◆ **Input data**
··········
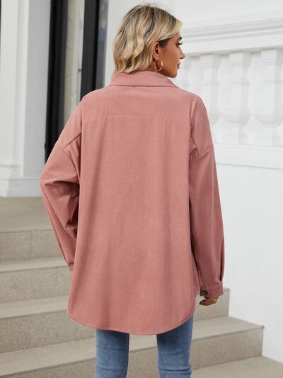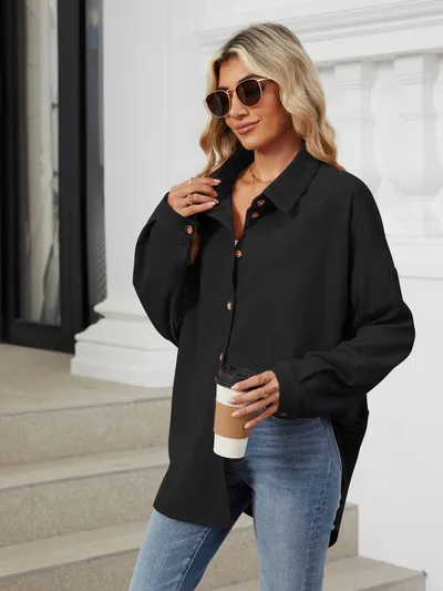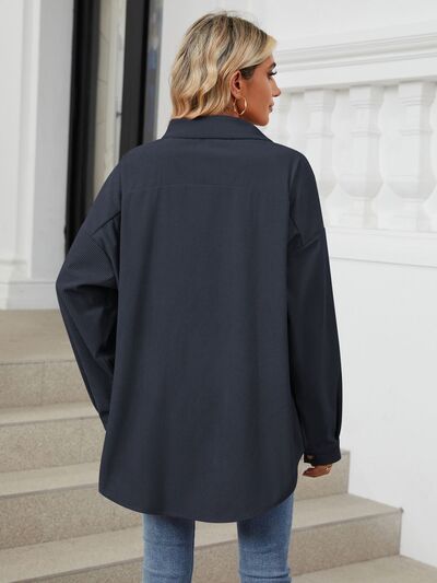 Collared Neck Long Sleeve Dropped Shoulder Shirt
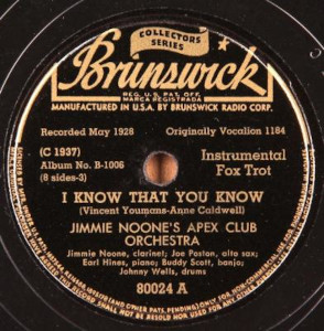 ハインズは1927年の暮れにジミー・ヌーン率いる「エイペックス・クラブ・オーケストラ」に加入する。この「エイペックス・クラブ・オーケストラ」について粟村師は次のように述べている。「史上に名高いヌーンのエイペックス・クラブ・オーケストラは、アール・ハインズのピアノを擁し、クラリネットとアルト・サックスにリズムが付くというディキシーの範疇を全く超えた異色の編成と内容を持っていた。
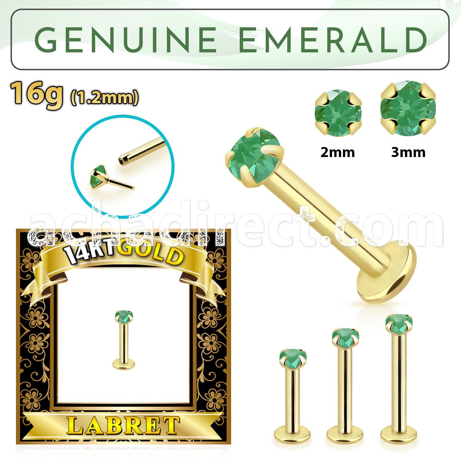 12. bioflex labret with push in 10kt gold w prong emerald
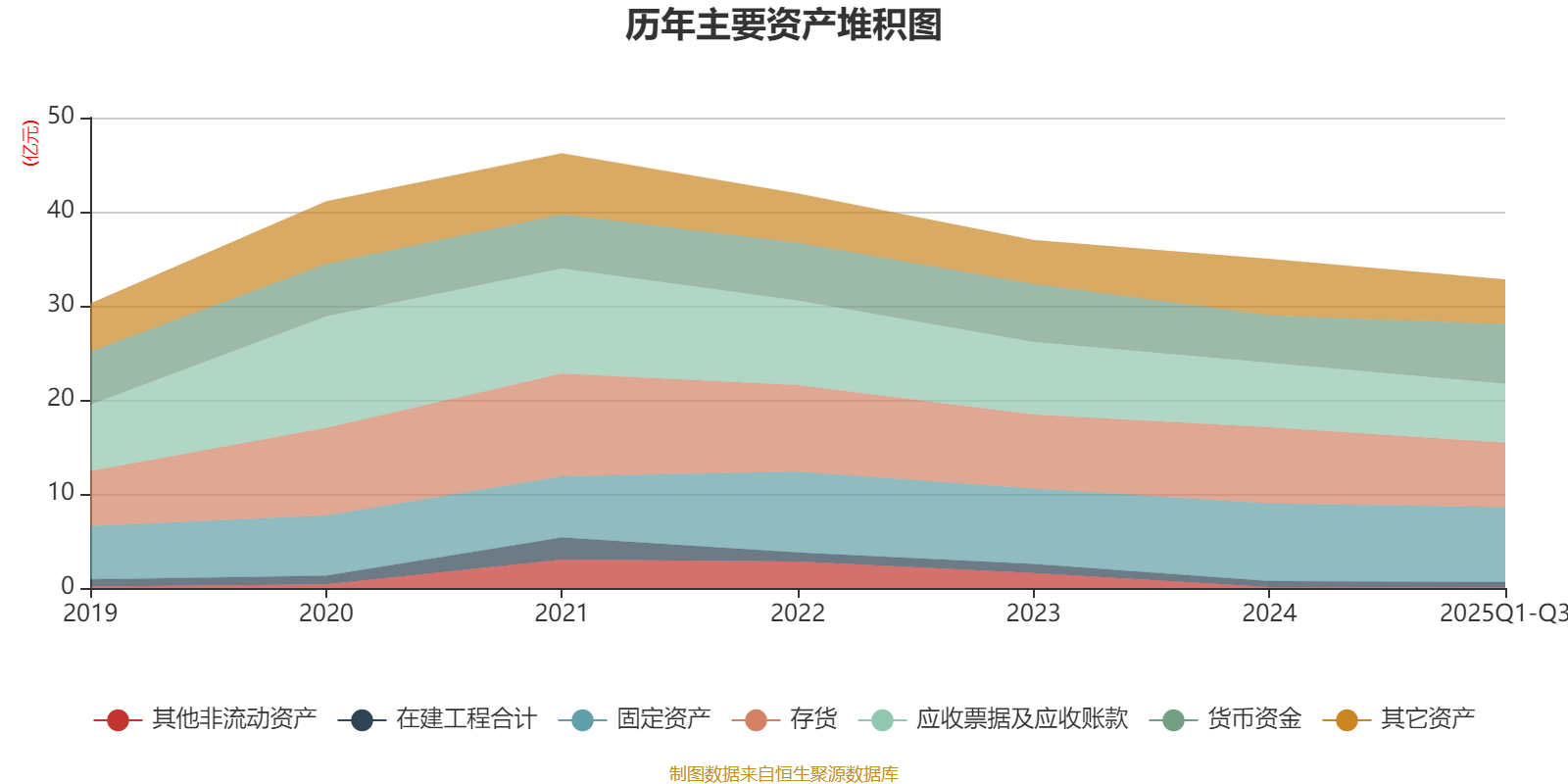 资产重大变化方面,截至2025年三季度末,公司货币资金较上年末增加24.99%,占公司总资产比重上升4.83个百分点;交易性金融资产合计较上年末减少82.14%,占公司总资产比重下降3.24个百分点;存货较上年末减少15.41%,占公司总资产比重下降2.26个百分点;固定资产较上年末减少3.73%,占公司总资产比重上升0.63个百分点。
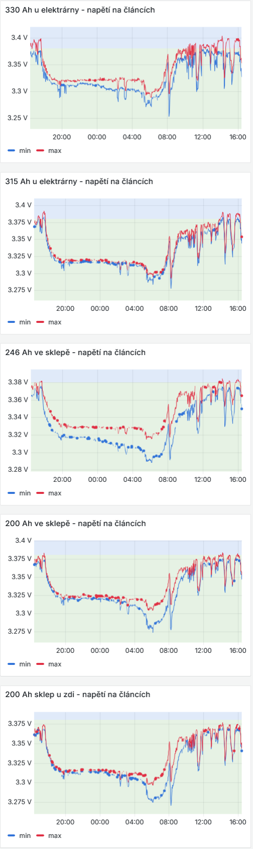 Já bych snížil jak bulk tak float (aktuálně to mám 54.4/54.2 V, v zimě to o něco zvednu, v létě jsem to měl ještě nižší). Obdobné měniče se občas chovají nevyzpytatelně a přecházejí z bulk do float a zpět. Pro orientaci u mých baterií se max a min napětí na článcích pohybuje během 24 hodin takto:
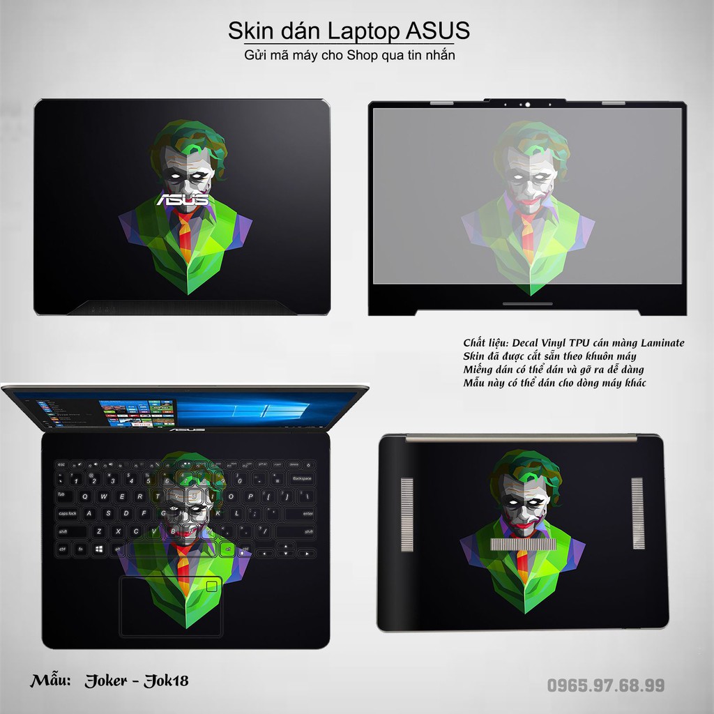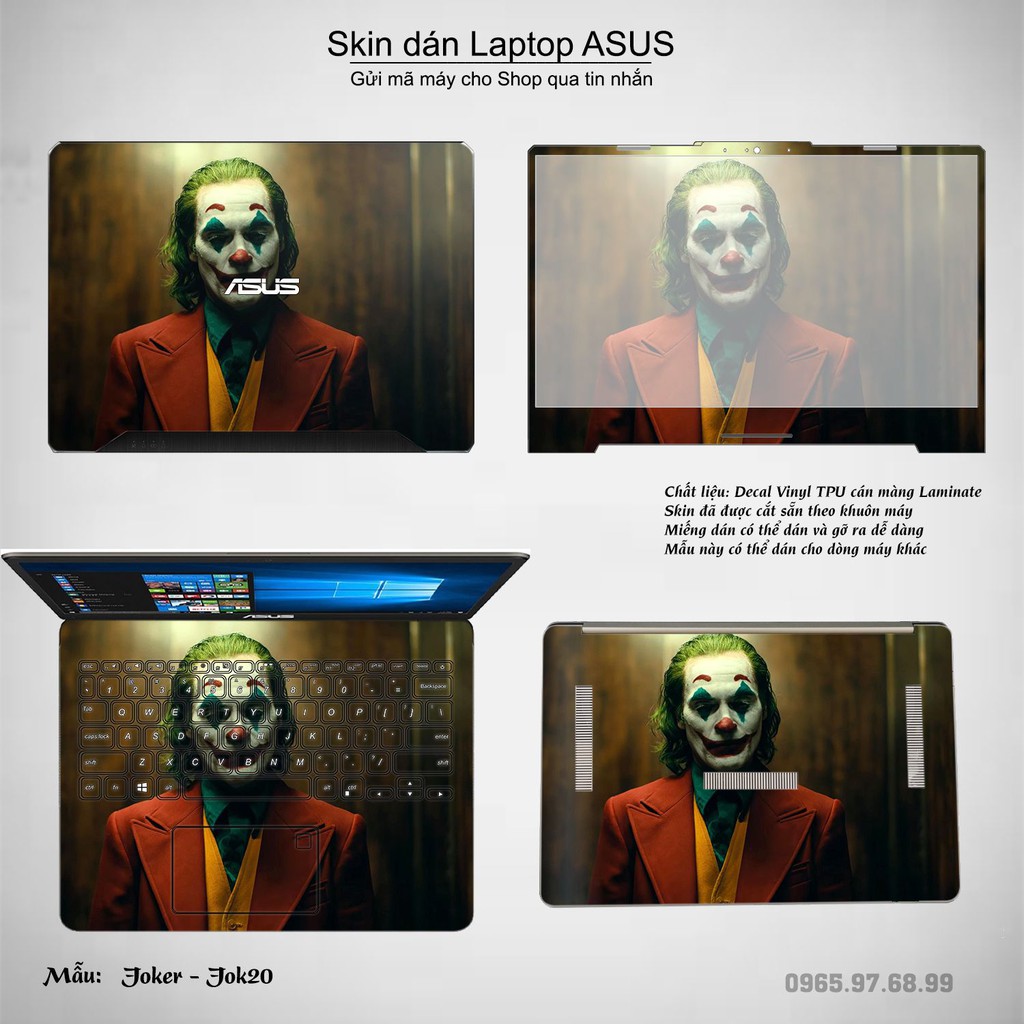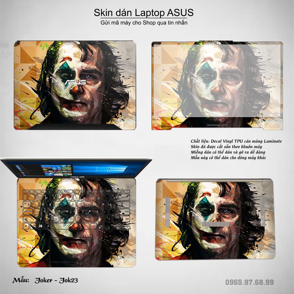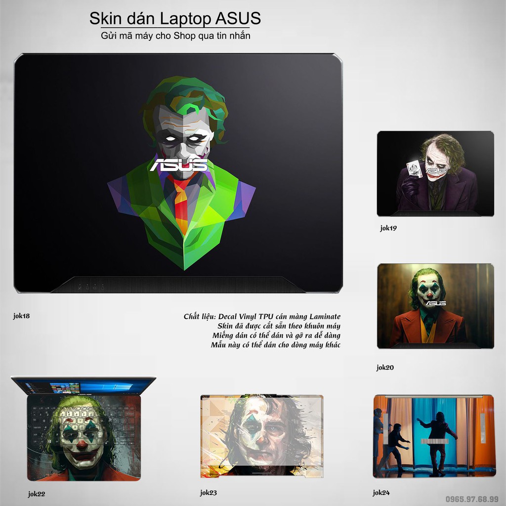Máy tính & Laptop > Phụ Kiện Máy Tính > Miếng Dán & Ốp Laptop || Skin dán Laptop Asus in hình Joker bộ 3 (inbox mã máy cho Shop)Còn hàng
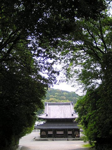 鬱蒼とした木立の向こうに仏殿が現れる
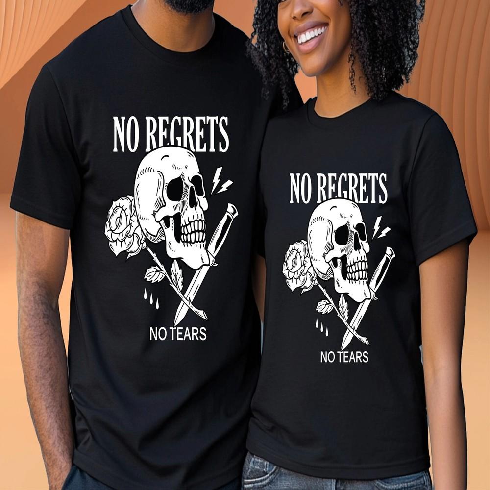 Gothic Punk T Shirt Unisex No Regrets No Tears Skull Tattoo Rose Knife Gift Tee
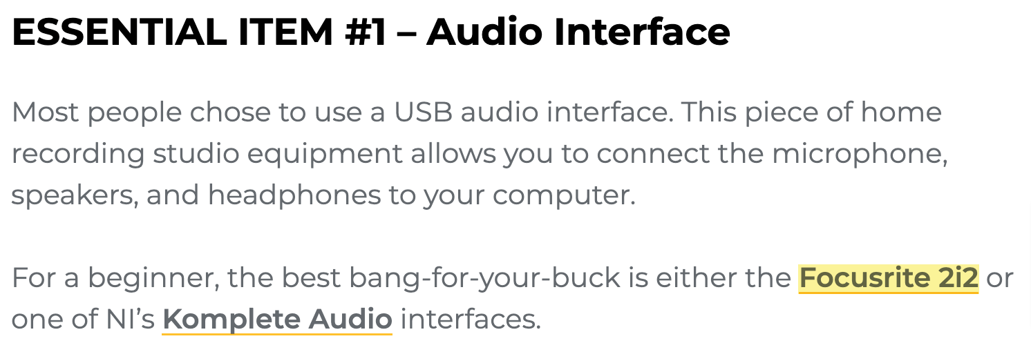 A partir de ahí, los afiliados están listos para incluir tus productos en su contenido (si creen que merece la pena recomendarlo). Por ejemplo, aquí hay un artículo sobre la creación de un estudio de grabación en casa por Musician on a Mission.
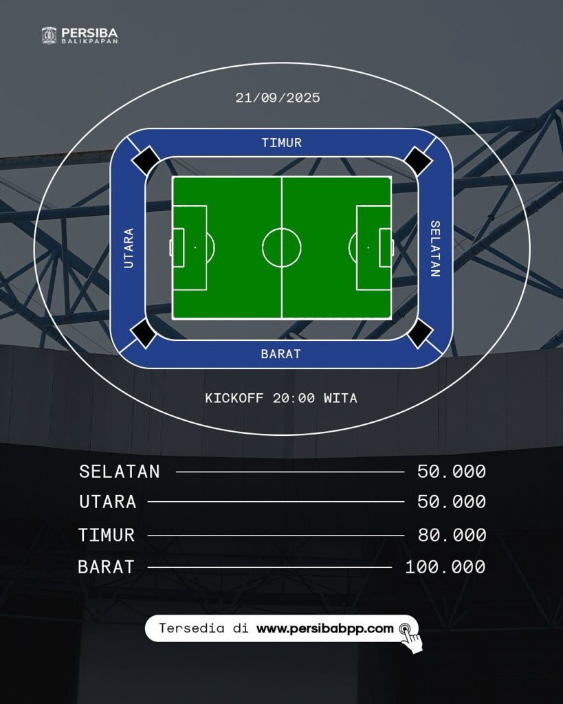 BALIKPAPAN, Inibalikpapan.com – Persiba Balikpapan resmi merilis harga tiket untuk pertandingan kandang pada Minggu, 21 September 2025, kickoff pukul 20.00 WITA.
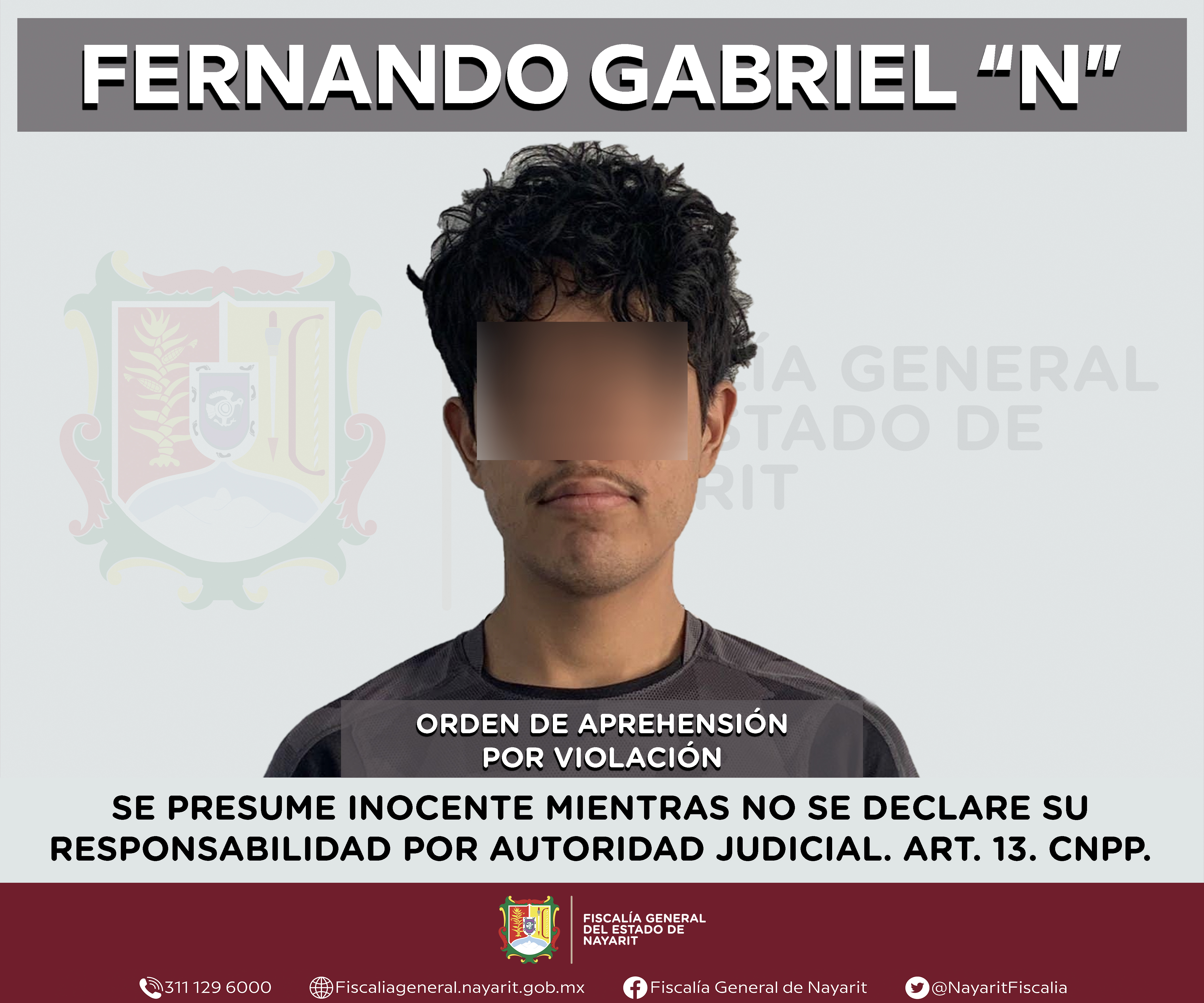 Elementos de la Agencia de Investigación Criminal de Nayarit ejecutaron una orden de aprehensión en la capital nayarita contra Fernando Gabriel “N”, por su presunta participación en hechos que según apreciación de la ley encuadran el delito de v...
··········
◆ **Problem**
Your copy should hold only the lines from the one containing "BALIKPAPAN, Inibalikpapan.com –" through the last line of the listing, both included, retyped exactly and free of pictures.

◆ **Expected answer**
 BALIKPAPAN, Inibalikpapan.com – Persiba Balikpapan resmi merilis harga tiket untuk pertandingan kandang pada Minggu, 21 September 2025, kickoff pukul 20.00 WITA.
 Elementos de la Agencia de Investigación Criminal de Nayarit ejecutaron una orden de aprehensión en la capital nayarita contra Fernando Gabriel “N”, por su presunta participación en hechos que según apreciación de la ley encuadran el delito de v...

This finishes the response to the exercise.